YOUR INSTRUCTIONS → Strip out the pictures and output each remaining line of the data word for word.

DATASET CONTENT →
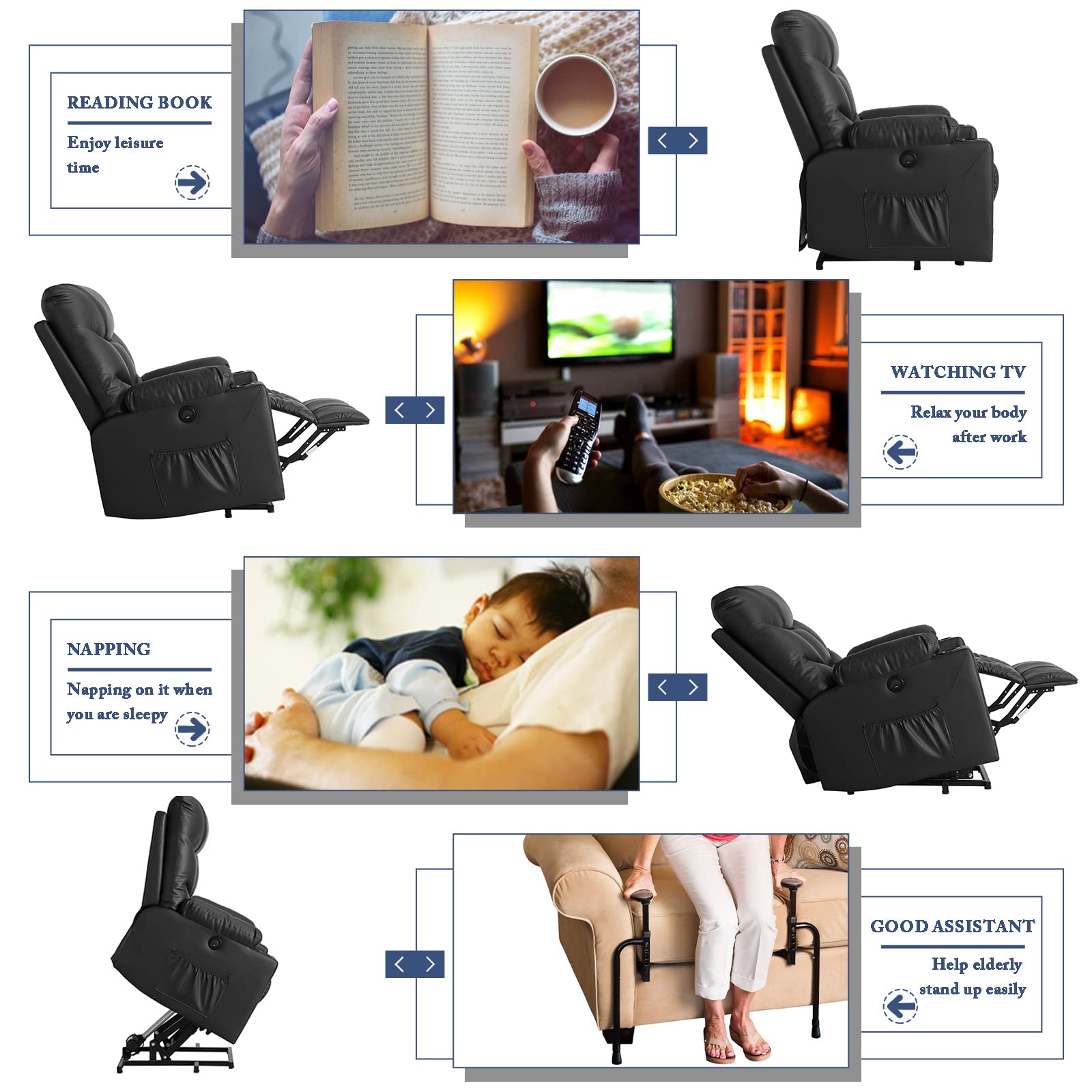 - Good Assistant Power Lift Recliner The power lift recliner chair provides comfortable seating and assistance for those who may need a little help getting out of their seat. Controlled by a side button to help the sick, senior or elderly people to stand up easily without putting pressure on their backs or knees, smoothly adjust to lifting or reclining position you want. If you are looking for a gift for your parents, it's a nice choice for family on Mother's Day, Christmas, New Year days, ect.
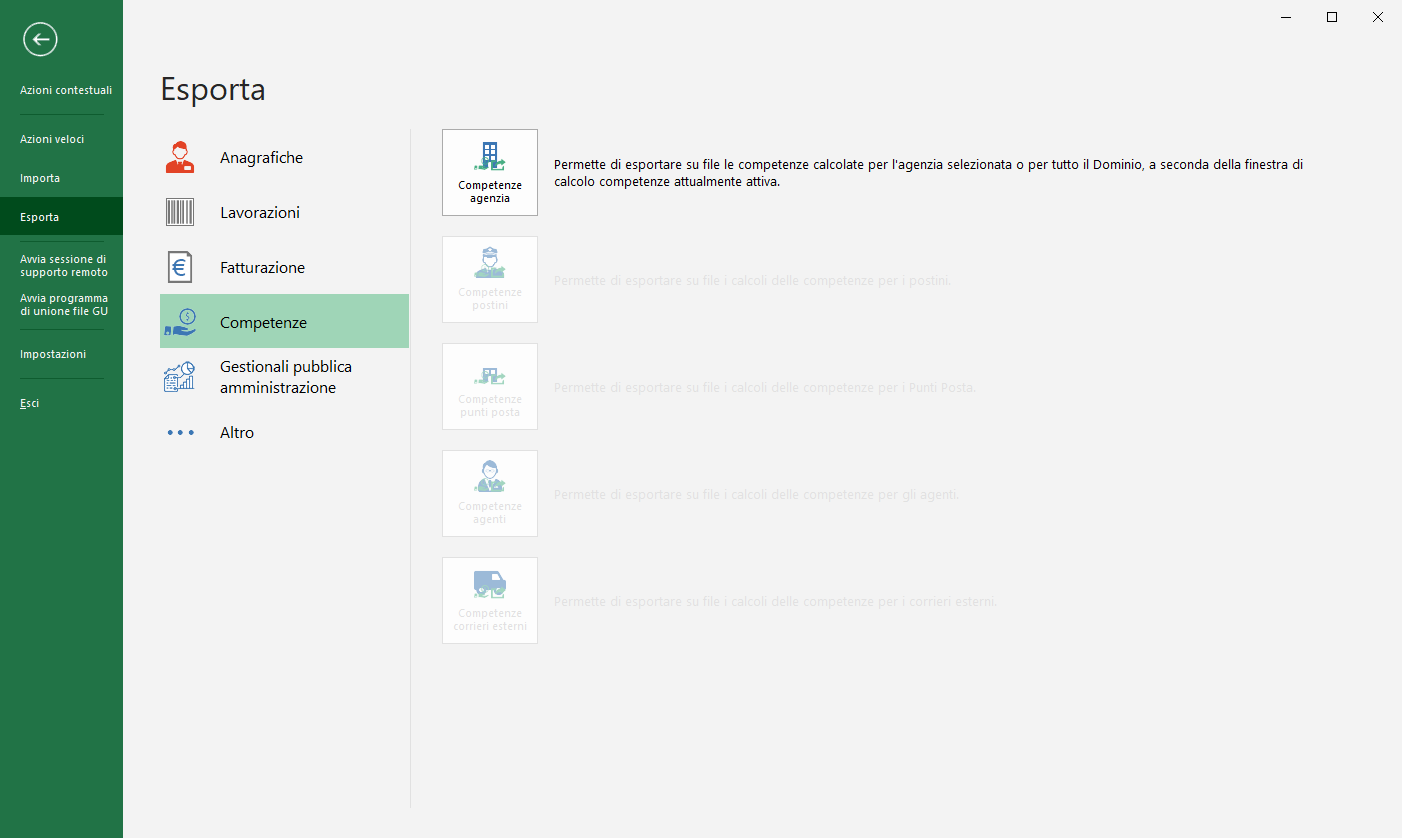 PostOfficeManager permette di salvare su file Excel o CSV il dettaglio della competenze calcolate.
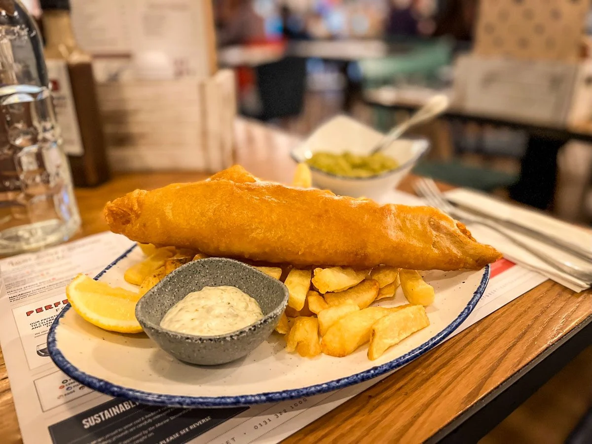 Tradicionālais FISH & CHIP. Jā, kartupeļi ar fritētu zivi ir Skotijas nacionālais ēdiens.
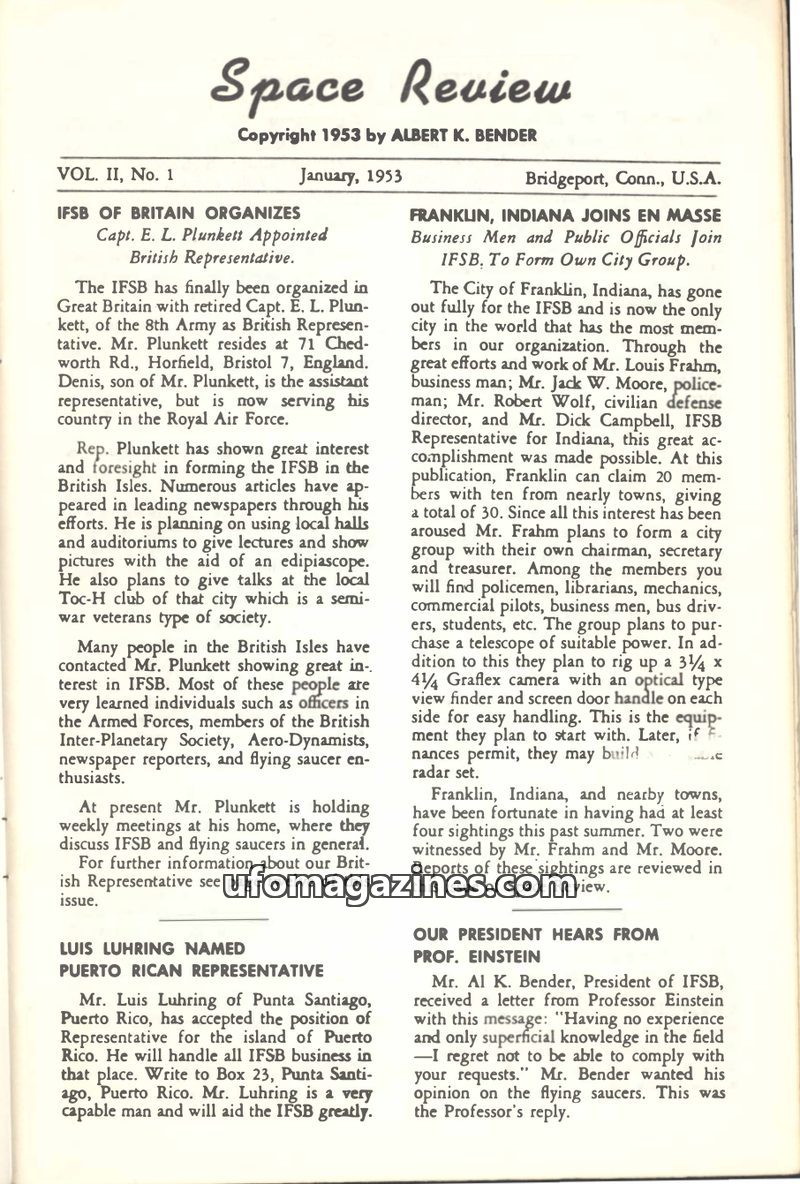 This issue of Space Review details the organization of the International Flying Saucer Bureau (IFSB) in Britain, with Captain E. L. Plunkett appointed as the British Representative

RESULT OF THIS EXERCISE →
 - Good Assistant Power Lift Recliner The power lift recliner chair provides comfortable seating and assistance for those who may need a little help getting out of their seat. Controlled by a side button to help the sick, senior or elderly people to stand up easily without putting pressure on their backs or knees, smoothly adjust to lifting or reclining position you want. If you are looking for a gift for your parents, it's a nice choice for family on Mother's Day, Christmas, New Year days, ect.
 PostOfficeManager permette di salvare su file Excel o CSV il dettaglio della competenze calcolate.
 Tradicionālais FISH & CHIP. Jā, kartupeļi ar fritētu zivi ir Skotijas nacionālais ēdiens.
 This issue of Space Review details the organization of the International Flying Saucer Bureau (IFSB) in Britain, with Captain E. L. Plunkett appointed as the British Representative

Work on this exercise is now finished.